| PROBLEM TO WORK ON |
Set the data down again, exactly as it reads, but without the pictures.

| SOURCE MATERIAL |
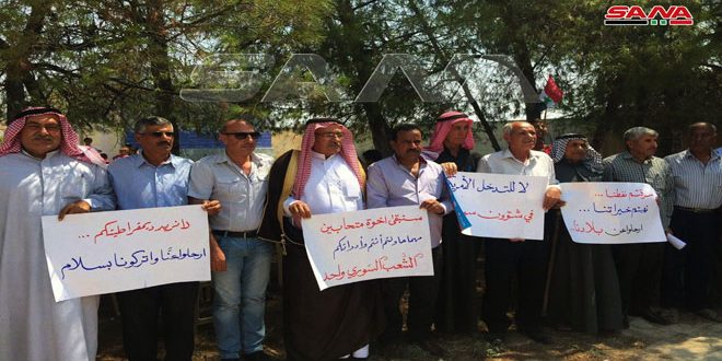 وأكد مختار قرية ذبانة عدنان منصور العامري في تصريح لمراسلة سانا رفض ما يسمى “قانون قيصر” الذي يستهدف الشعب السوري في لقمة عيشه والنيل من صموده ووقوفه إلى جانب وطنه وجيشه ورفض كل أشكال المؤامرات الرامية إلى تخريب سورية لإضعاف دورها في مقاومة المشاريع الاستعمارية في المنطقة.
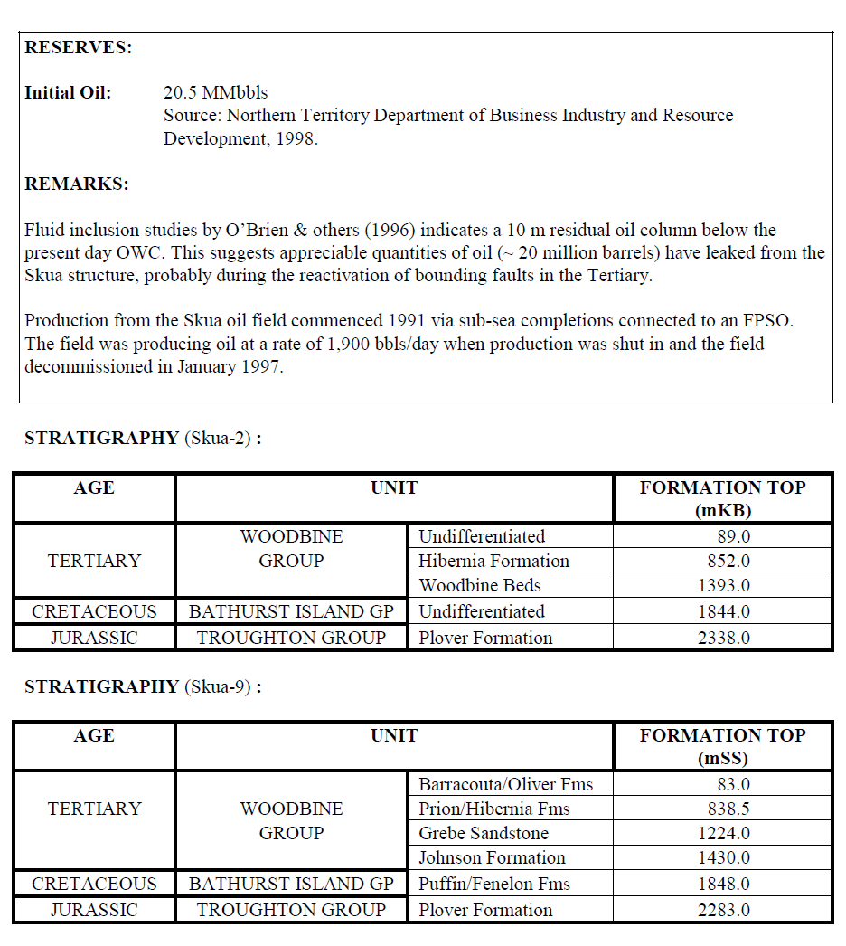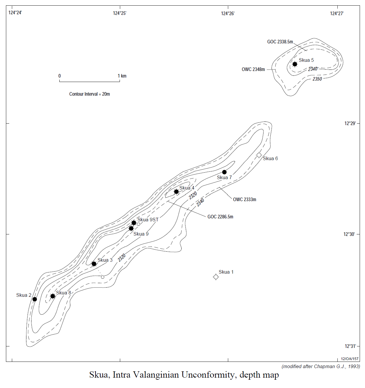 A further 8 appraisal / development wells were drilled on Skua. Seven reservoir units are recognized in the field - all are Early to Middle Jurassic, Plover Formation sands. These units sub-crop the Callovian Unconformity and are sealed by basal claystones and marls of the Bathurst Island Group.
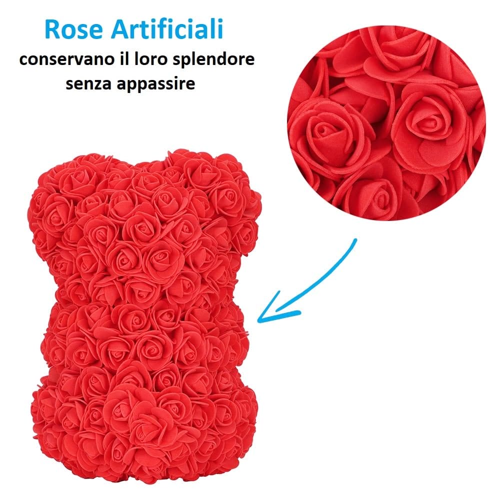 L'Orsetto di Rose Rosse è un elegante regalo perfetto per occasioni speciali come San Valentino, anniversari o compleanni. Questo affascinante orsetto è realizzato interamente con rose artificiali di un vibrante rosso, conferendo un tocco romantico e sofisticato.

| EXPECTED ANSWER |
 وأكد مختار قرية ذبانة عدنان منصور العامري في تصريح لمراسلة سانا رفض ما يسمى “قانون قيصر” الذي يستهدف الشعب السوري في لقمة عيشه والنيل من صموده ووقوفه إلى جانب وطنه وجيشه ورفض كل أشكال المؤامرات الرامية إلى تخريب سورية لإضعاف دورها في مقاومة المشاريع الاستعمارية في المنطقة.
 A further 8 appraisal / development wells were drilled on Skua. Seven reservoir units are recognized in the field - all are Early to Middle Jurassic, Plover Formation sands. These units sub-crop the Callovian Unconformity and are sealed by basal claystones and marls of the Bathurst Island Group.
 L'Orsetto di Rose Rosse è un elegante regalo perfetto per occasioni speciali come San Valentino, anniversari o compleanni. Questo affascinante orsetto è realizzato interamente con rose artificiali di un vibrante rosso, conferendo un tocco romantico e sofisticato.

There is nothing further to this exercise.